Your Restoration Practices should be documented and accessible.

So, you know your backups are happening regularly, and that they are good. What’s the third scenario you want to avoid? Well, it’s you have a disaster, and while you have good backups, you have no idea what to do with them because all your documentation is gone with the disaster.

This is a special problem for Confluence Admins, but there are reasons to make it a more universal practice. Most teams’ documentation lives in Confluence, and that’s great because they can reference the Confluence page when their system is down. What do you reference when Confluence itself is down? And that might not be the only problem rendering Confluence inaccessible. Maybe your internet connection(s) is down, the power is out, or the building is gone entirely. There are many reasons to have a backup for your procedures, too.

This, though, has a rather simple solution. The last time I checked, the paper didn’t run out of batteries or need to be plugged in. Don’t get me wrong, it isn’t foolproof, either. Paper can still be burned or blown away. I usually recommend having your entire DR (Disaster Recovery) plan printed out, bound (3-ring binders are cheap enough), and sent home with multiple trusted team members – preferably in different cities. This increases the chances that at least one copy will survive just about anything, allowing your team to have the playbook to follow should they need to fix things.

RTO and RPO

Let’s ask ourselves two very simple questions:

How long are we willing to be down?
How much data are we willing to lose?

These two questions embody the principle between the Recovery Time Objective and the Recovery Point Objective.

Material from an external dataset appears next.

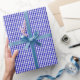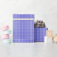 Un papier d'emballage a conçu avec un motif de guingan de bleu royal et de blanc dans de petite taille.

Alternatively, RTO can be thought of as “How long does it take to restore from a backup,” while RPO asks “How old, at its max, is our youngest backup?”

In my example, the bottleneck for both backup sites is the NIC on the primary NAS Server, where I have two bonded Gigabit ports, giving a max (theoretical) throughput of 2Gbps.

I have backups totaling about 4 TB, which means that given my max theoretical throughput, I can expect about 4.5 hours of data transfer plus another half hour of system setup. Given these factors, I can expect an RTO of around 5 hours on my current setup.

Back when I was a Jira Admin, I’d usually time the process during my backup restoration tests (on a non-prod) to see what my current RTO was. If I only had to restore the database, I could have Jira back up and running with Prod data in about an hour—including time for Jira to start back up and us to test that it’s working. If I had to restore attachments, the time went up to about three hours. That was what would be considered a modest system by today’s standards.

Typically, to reduce this RTO, you need either faster storage or more bandwidth, which are difficult to upgrade in “living” systems. This makes this number difficult to affect and more dependent on how much data you have.

RPO is trickier to nail down. For my Local NAS example, the answer will depend on what source I”‘m using for backup. My Offsite has an RPO of one week, while my local secondary NAS has an RPO of one day. You can usually make this number go down by doing more frequent backups. Some database systems update their backup continuously, making the RPO approach zero. This can be done for everything, right? Well…Yes, but actually no.

There is a limit to how much data you can back up. Depending on the amount of data and how much it changes, we can start running into the bandwidth problem again.

Ideally, with most of your backups, you’d only be backing up “Deltas” or what has changed or been added. Deltas can be dramatically smaller than your full dataset, which makes capturing them faster. However, they have their risks. If any of your deltas is corrupted or missing since your last full update, that’s the end of the chain. The previous delta is the last point you could restore to. That is why taking a regular “Full backup” is still a good idea to act as a new starting point for your deltas. This is the approach I am taking with my local NAS, where I take a full backup weekly, then take the delta’s nightly throughout the rest of the week.

The Showdown

So now that we have the basics down, let’s take a look at Atlassian Backup and Revyz to see how they do on these four criteria.

I’ll be testing this against my Jira Cloud test instance, which has 13 Projects, 112 Fields, and 1844 issues. By no means the largest of jira instances, but should be sufficient for the test.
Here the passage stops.